China will loosen its family planning rules that limit many couples to a single child in the first substantial change to the policy in more than three decades, as leaders seek to address a rapidly aging population.

According to a key policy document issued yesterday by the Party, couples will be allowed to have two children if one of the parents is an only child — widening the exceptions to a rule introduced in the late 1970s to control China’s population, the world’s largest.

Previously, both parents had to be an only child to qualify for this exemption. Rural couples are allowed two children if their first-born child is a girl, an exemption made in 1984 that was the last substantive change to the family planning policy.

“The birth policy will be adjusted and improved step by step to promote long-term balanced development of the population in China,” the Party document said.

Demographers argue that the one-child policy has created an aging crisis by limiting the size of the young labor pool that must support the large baby boom generation as it retires.

Census officials warned earlier this year that China’s working-age population had begun to shrink for the first time in recent decades, falling by about 3.45 million to 937 million in 2012.
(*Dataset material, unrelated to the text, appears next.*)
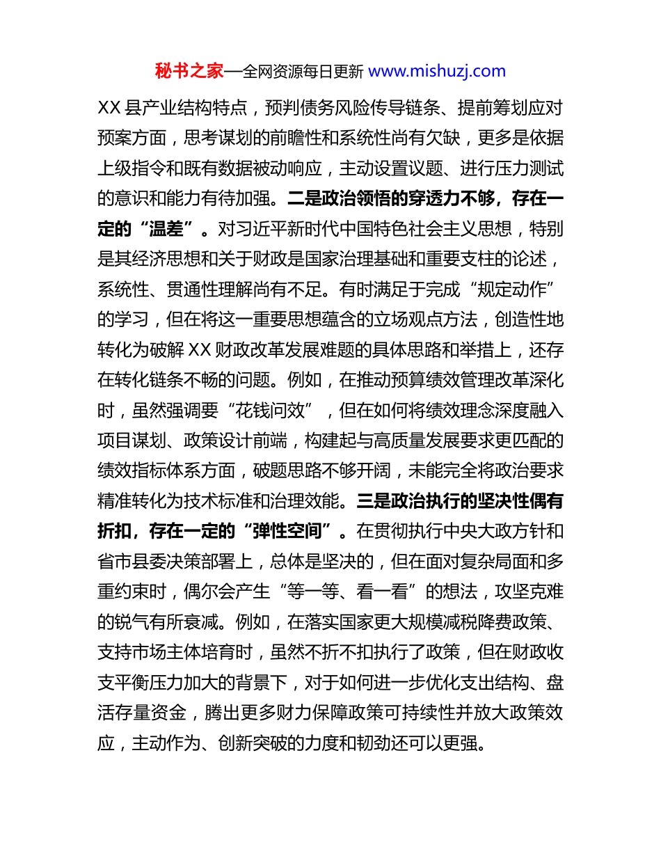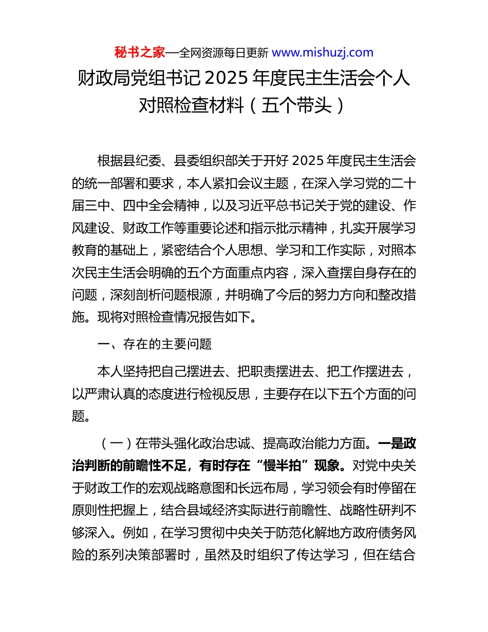 秘书之家—全网资源每日更新 www.mishuzj.com财政局党组书记 2025 年度民主生活会个人对照检查材料(五个带头)根据县纪委、县委组织部关于开好 2025 年度民主生活会的统一部署和要求,本人紧扣会议主题,在深入学习党的二十届三中、四中全会精神,以及习近平总书记关于党的建设、作风建设、财政工作等重要论述和指示批示精神,扎实开展学习教育的基础上,紧密结合个人思想、学习和工作实际,对照本次民主生活会明确的五个方面重点内容,深入查摆自身存在的问题,深刻剖析问题根源,并明确了今后的努力方向和整改措施。现将对照检查情况报告如下。一、存在的主要问题本人坚持把自己摆进去、把职责摆进去、把工作摆进去,以严肃认真的态度进行检视反思,主要存在以下五个方面的问题。(一)在带头强化政治忠诚、提高政治能力方面。一是政治判断的前瞻性不足,有时存在“慢半拍”现象。对党中央关于财政工作的宏观战略意图和长远布局,学习领会有时停留在原则性把握上,结合县域经济实际进行前瞻性、战略性研判不够深入。例如,在学习贯彻中央关于防范化解地方政府债务风险的系列决策部署时,虽然及时组织了传达学习,但在结合秘书之家—全网资源每日更新 www.mishuzj.comXX 县产业结构特点,预判债务风险传导链条、提前筹划应对预案方面,思考谋划的前瞻性和系统性尚有欠缺,更多是依据上级指令和既有数据被动响应,主动设置议题、进行压力测试的意识和能力有待加强。二是政治领悟的穿透力不够,存在一定的“温差”。对习近平新时代中国特色社会主义思想,特别是其经济思想和关于财政是国家治理基础和重要支柱的论述,系统性、贯通性理解尚有不足。有时满足于完成“规定动作”的学习,但在将这一重要思想蕴含的立场观点方法,创造性地转化为破解 XX 财政改革发展难题的具体思路和举措上,还存在转化链条不畅的问题。例如,在推动预算绩效管理改革深化时,虽然强调要“花钱问效”,但在如何将绩效理念深度融入项目谋划、政策设计前端,构建起与高质量发展要求更匹配的绩效指标体系方面,破题思路不够开阔,未能完全将政治要求精准转化为技术标准和治理效能。三是政治执行的坚决性偶有折扣,存在一定的“弹性空间”。在贯彻执行中央大政方针和省市县委决策部署上,总体是坚决的,但在面对复杂局面和多重约束时,偶尔会产生“等一等、看一看”的想法,攻坚克难的锐气有所衰减。例如,在落实国家更大规模减税降费政策、支持市场主体培育时,虽然不折不扣执行了政策,但在财政收支平衡压力加大的背景下,对于如何进一步优化支出结构、盘活存量资金,腾出更多财力保障政策可持续性并放大政策效应,主动作为、创新突破的力度和韧劲还可以更强。秘书之家—全网资源每日更新 www.mishuzj.com(二)在带头固本培元、增强党性方面。一是理论武装的“深耕细作”不够,学用结合存在“两张皮”。虽然能够坚持参加中心组学习和个人自学,但在读原著、学原文、悟原理上下的功夫还不够深,对党的创新理论的发展脉络、核心要义、实践要求的整体性把握有待提升。有时存在“实用主义”倾向,与财政业务直接相关的学得多、思考得深,而对马克思主义立场观点方法等基础理论的学习相对零散,导致运用党的科学理论指导财政实践、解决深层次矛盾的能力尚有不足。例如,在运用新发展理念统筹财政资源支持县域创新驱动发展时,思路和举措的创新性、系统性不足,未能完全将理论学习的成果转化为引领财政政策创新的强大动力。二是党性锤炼的“熔炉”温度不够,自我革命精神有所弱化。对照党章党规党纪进行自我检视、自我净化、自我提高的主动性和经常性不足。在严肃的党内政治生活中,有时顾及情面,开展批评与自我批评“辣味”不足,对自身存在的一些深层次思想问题、作风问题,缺乏“刮骨疗毒”的勇气。例如,在组织生活会上,对班子成员和分管股室负责同志存在的问题,多以提醒建议为主,直指要害、触及灵魂的尖锐批评较少,一定程度上影响了党内政治生活的政治性、时代性、原则性、战斗性。三是理想信念的“压舱石”作用有待进一步夯实,奋斗精神偶有松懈。随着工作年限增长,有时不自觉地产生了“...

The Chinese government credits the one-child policy with preventing hundreds of millions of births and helping lift countless families out of poverty. But the strict limits have led to forced abortions and sterilizations by local officials, even though such measures are illegal. Couples who flout the rules face hefty fines, seizure of their property and loss of their jobs in state-owned firms.
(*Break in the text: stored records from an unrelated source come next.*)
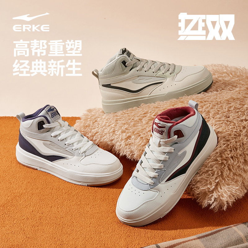 板鞋 男鞋 革面休闲鞋 多巴胺色系保暖男士 特步海浪鞋 运动鞋 秋冬新款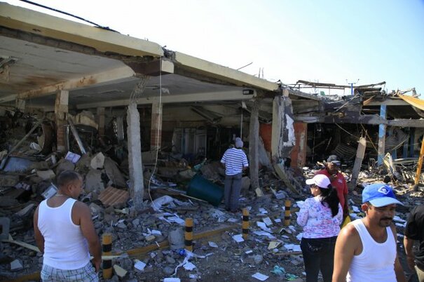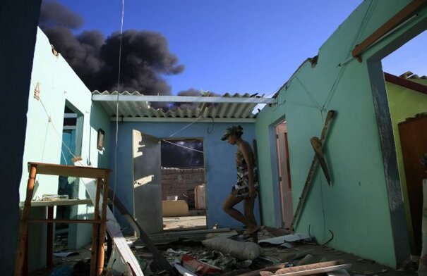 People stand in front of damaged commercial shops after a explosion in the Amuay refinery. (AP Photo/Ariana Cubillos/PA)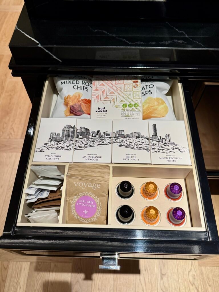 Booking under Marriott STARS, we were guaranteed an upgrade. We received a double upgrade from the Deluxe Room Lumpini Park View room to a Deluxe Room with Club Lounge access. Upon arrival, the staff immediately escorted us to the Club Lounge for check-in, bypassing the main reception entirely. From there, we took a second set of lifts, where we were welcomed with a drink and invited to enjoy the buffet before it closed—a thoughtful touch after a long day of travel.

Last year, a government think tank urged China’s leaders to start phasing out the policy and allow two children for every family by 2015, saying the country had paid a “huge political and social cost.”

The China Development Research Foundation said the policy had resulted in social conflict, high administrative costs and led indirectly to a long-term gender imbalance because of illegal abortions of female fetuses and the infanticide of baby girls by parents who cling to a traditional preference for a son.

The policy document does not specify when the family-size change takes effect, but details are expected when government offices roll out implementation plans later.